On Monday, the iTRAXX Crossover Index an index
of five-year European junk bonds, leapt above 420 basis points
in its largest one-day rise since March 2023 and to its highest
since November that year and nearly 80 basis points higher than
it was a week ago.
In the United States, the ICE BofA U.S. High Yield Index
ended last week at its lowest since September, having
posted its largest weekly drop since September 2022.
BANKS SLIDE
Global banks, key to the functioning of the global economy
and a barometer for growth, continue to suffer steep share price
falls.
European and Japanese bank stocks have shed roughly 20% of
their value each in the last three trading sessions alone
. Japanese banks closed 10% lower on Monday,
while U.S. banks slid some 15% last week in their biggest weekly
drop since 2020.
SWAP SPREADS
The pressure building in the U.S. bond market, the world's
biggest with some $28 trillion in outstanding government debt,
is starting to become apparent and one sign of strain is in swap
spreads.

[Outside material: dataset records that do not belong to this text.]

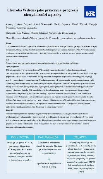 56. Łukasz Zarębski, Jeremi Wnorowski, Maciej Superson, Kamil Walczak, Patrycja Świerczek, Katarzyna Szymańska ''Wilson's disease as a cause of liver failure progression''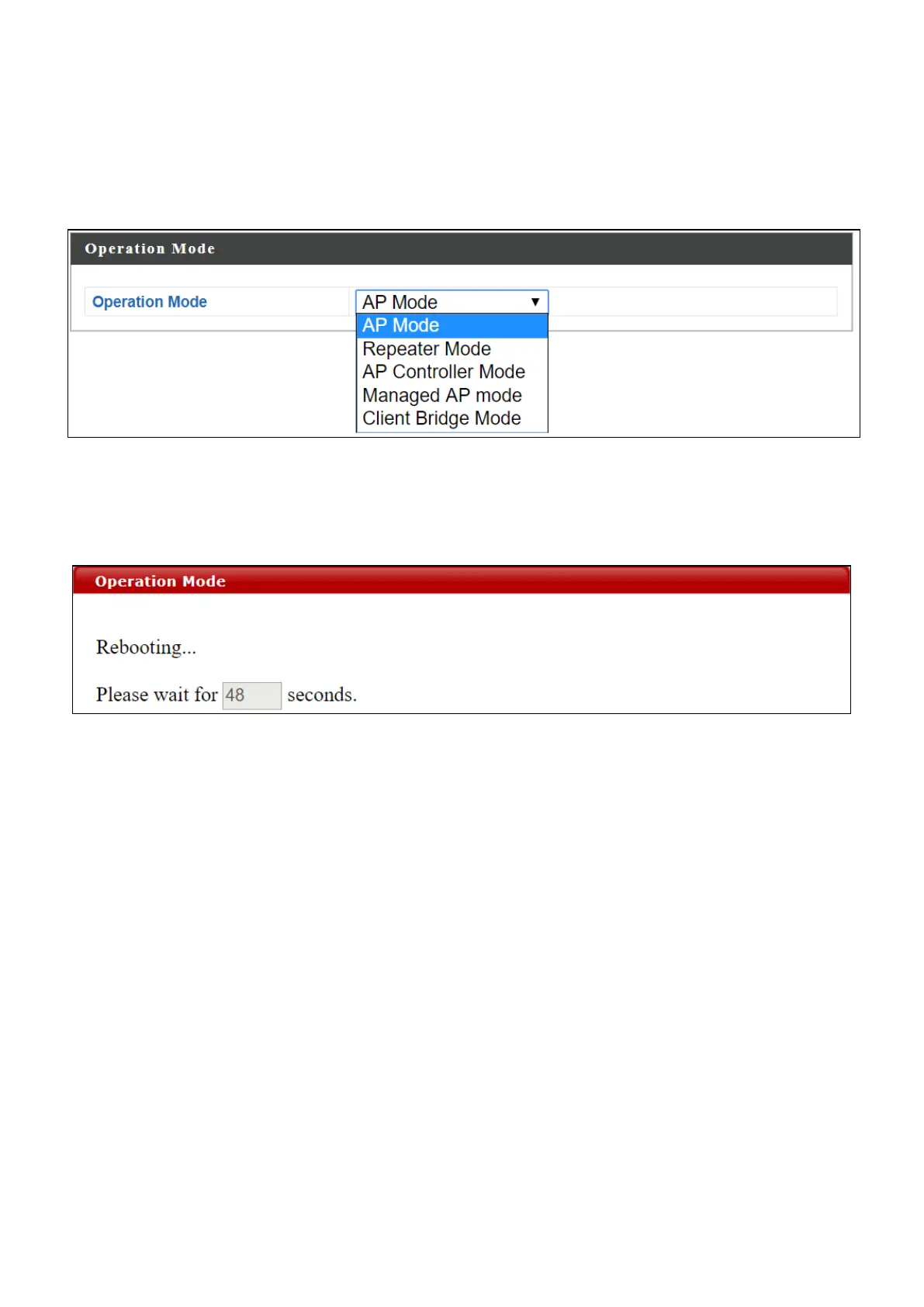 1. Select Managed AP Mode from the operation mode drop down menu: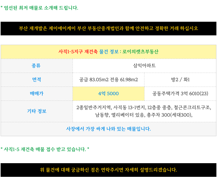 안녕하세요. 로이의렛츠부동산 입니다. 제이에이케이 부산 부동산중개법인은 언제나 신뢰있고 정직하게 좋...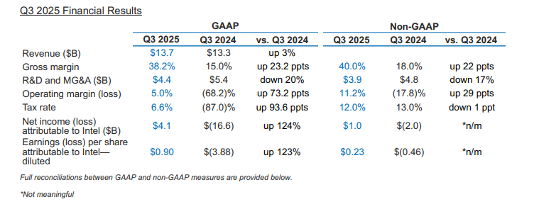 2025년 3분기 인텔의 매출은 137억 달러, 순이익은 41억 달러로 집계됐다. 작년 같은 기간엔 166억 달러 적자였다. 말 그대로 적자에서 흑자로 뒤집은 것이다.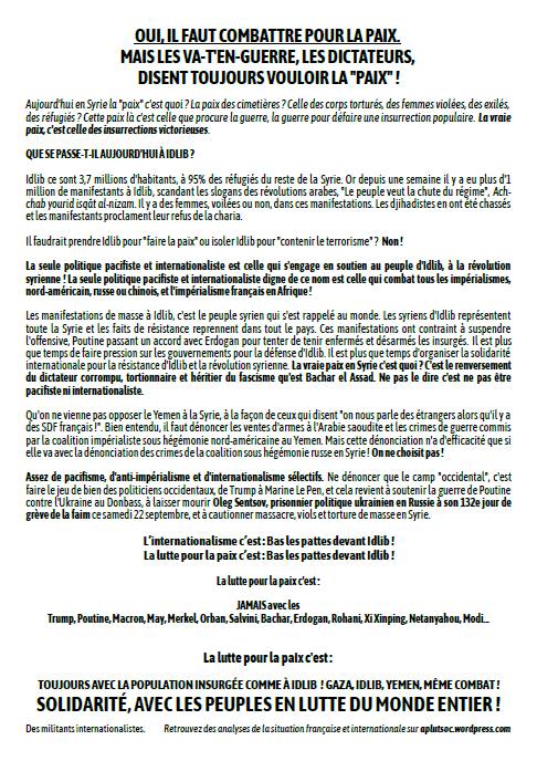 La seule politique pacifiste et internationaliste est celle qui s’engage en soutien au peuple d’Idlib, à la révolution syrienne ! La seule politique pacifiste et internationaliste digne de ce nom est celle qui combat tous les impérialismes, nord-américain, russe ou chinois, et l’impérialisme français en Afrique !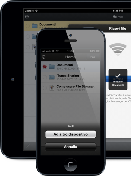 Con File Storage possiamo conservare qualunque tipo di file sul nostro dispositivo, consultarli anche offline, organizzarli come se ci trovassimo sul nostro computer e inviarli velocemente ad altri computer e dispositivi su WiFi e Bluetooth (quest’ultimo è disponibile solo tra dispositivi iOS).
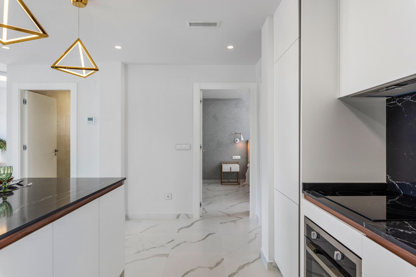 The 92 m² property features a spacious, bright living room connected to a modern open-plan kitchen designed for functionality and aesthetics. Three bedrooms and two elegant bathrooms provide comfort and privacy for the entire family. The large terrace, accessible from the living room, is perfect for relaxing and enjoying panoramic views of the famous Torrevieja lagoons.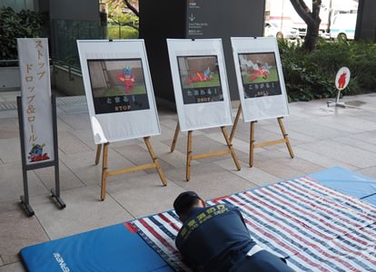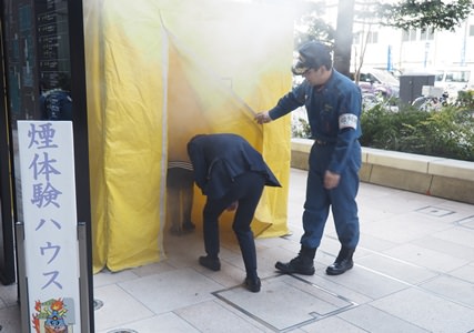 集まった多くの方々に向けて、煙体験ハウス、消火器体験コーナー、AED体験コーナー等も用意されました。バーベキューや花火等、着衣に着火した場合の対処法、ストップ、ドロップ&ロール(止まって、倒れて、転がって)の紹介もされていました。
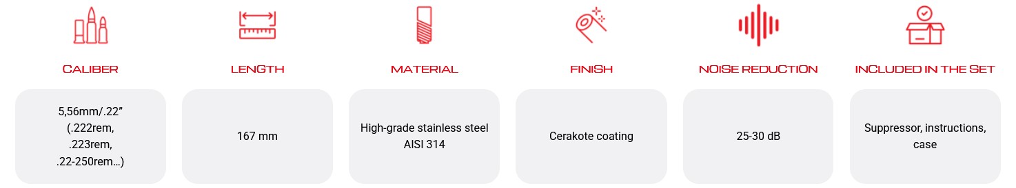 Conçu pour les tirs semi-automatiques à haute cadence, réduction effective du bruit de 25 à 30 dB (en fonction du calibre, de la masse du projectile et de la longueur du canon), sa géométrie interne limite le retour des gaz de combustion vers la culasse. Protection efficace de l’ouïe de l’opérateur, cycle de tir fluide, sans incidents. Construction monobloc en acier inoxydable, résistante aux chocs et aux hautes températures, revêtement céramique pour une protection optimale contre les résidus de poudre.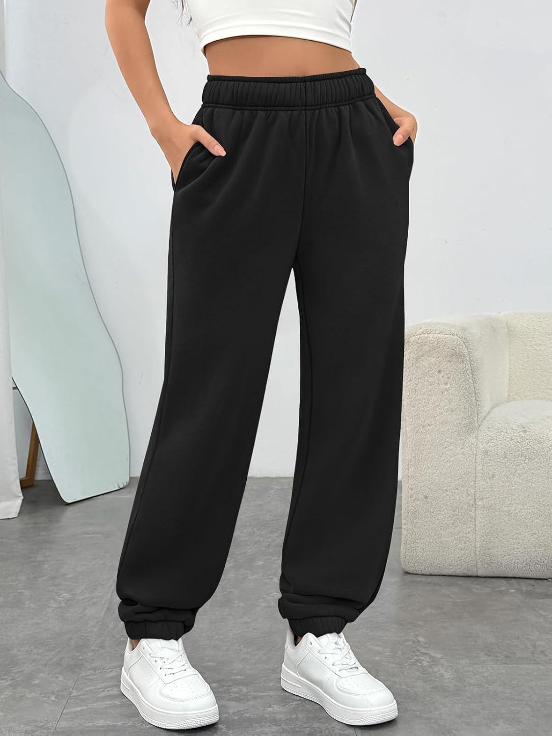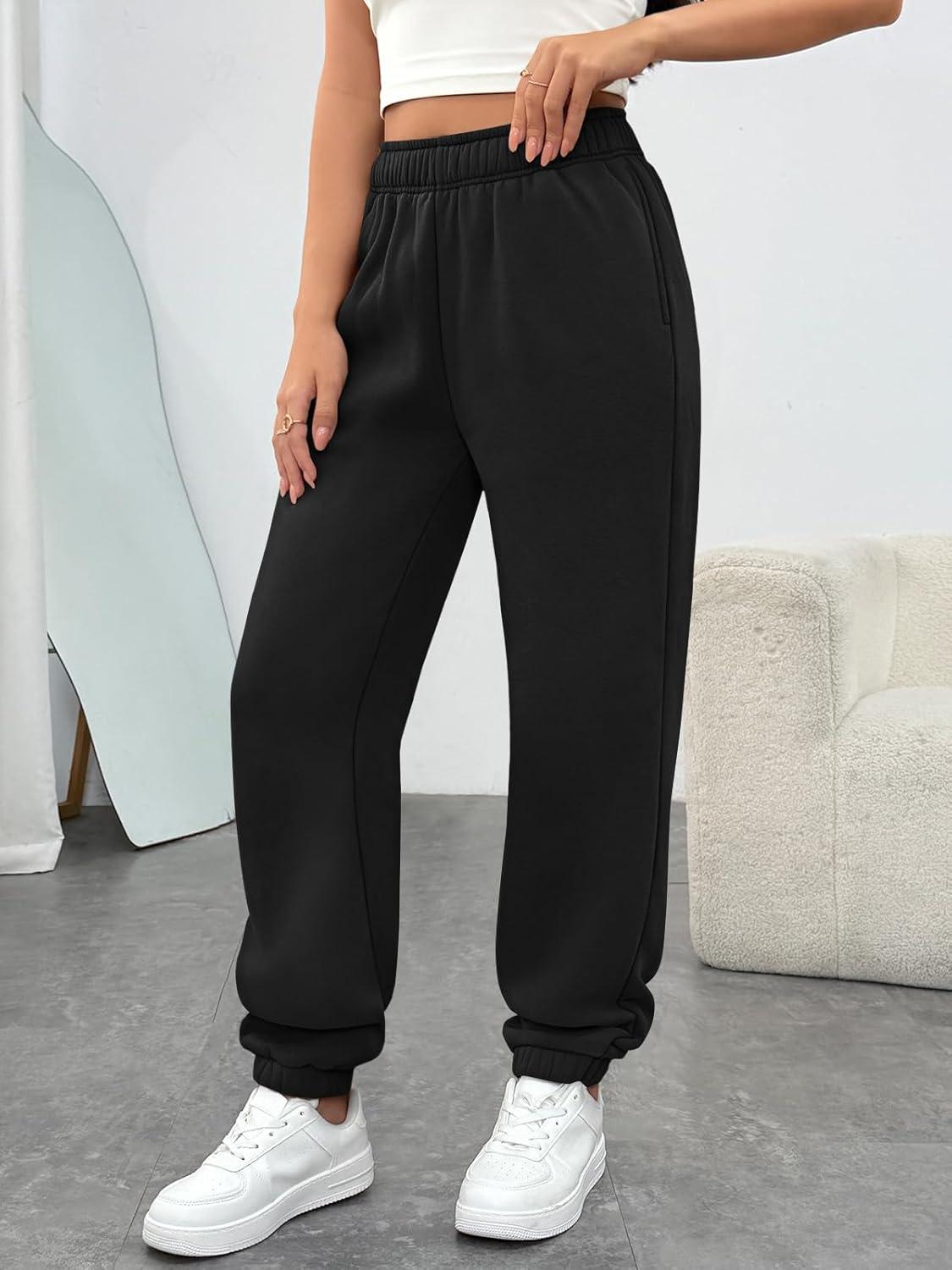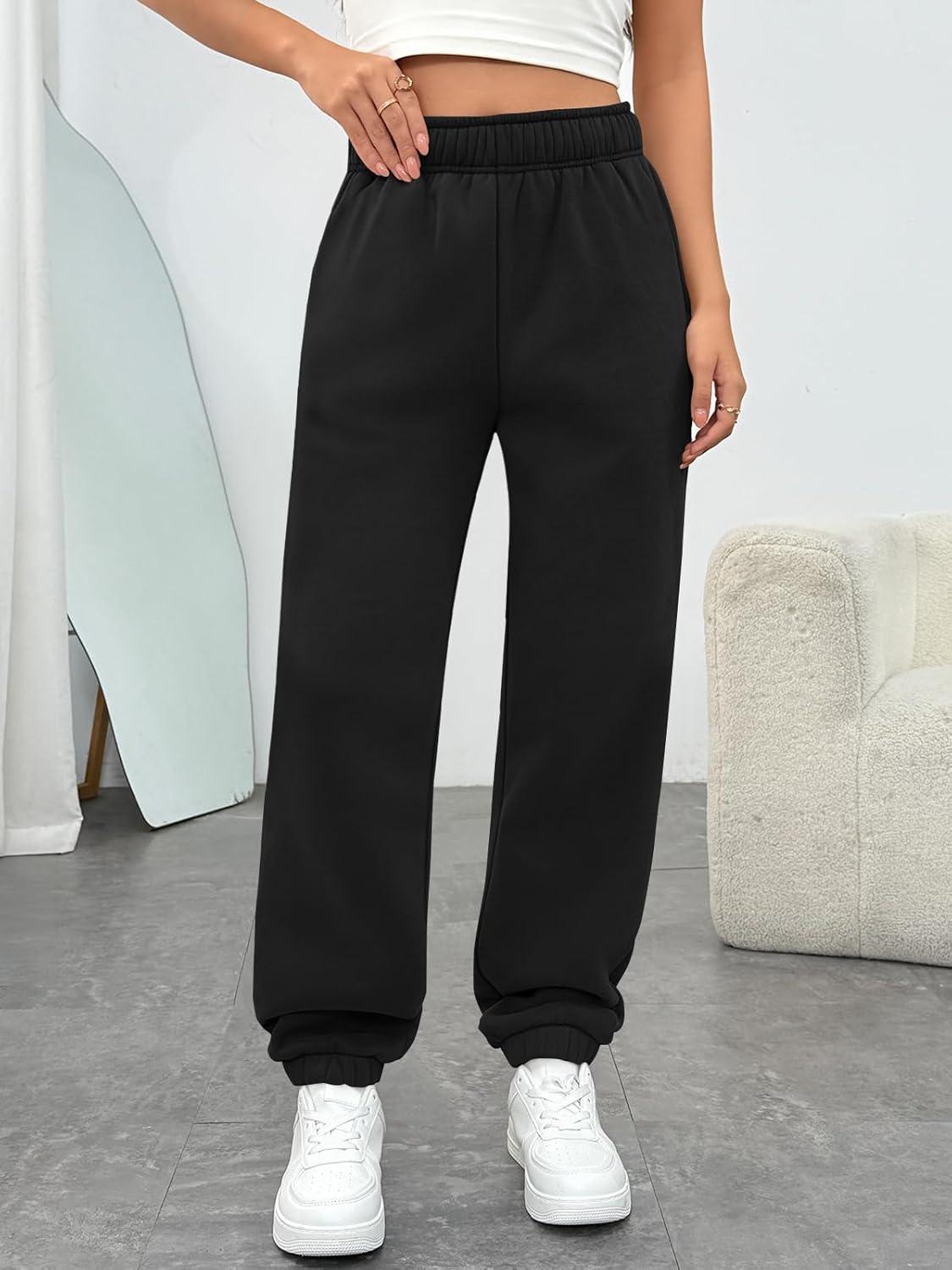Trendy Queen Womens Sweatpants High Waisted Winter Baggy Lounge Pants Fall Active Fleece Comfy Joggers 2025(Black)

They capture the premium on the fixed side of an
interest-rate swap, which investors use to hedge against rates
risk relative to bond yields.
U.S. two-year swap spreads - the difference between two-year
swap rates and the two-year Treasury yield - briefly dropped to
almost -46 basis points on Monday before pulling back to around
-24 bps -- near its tightest levels since November.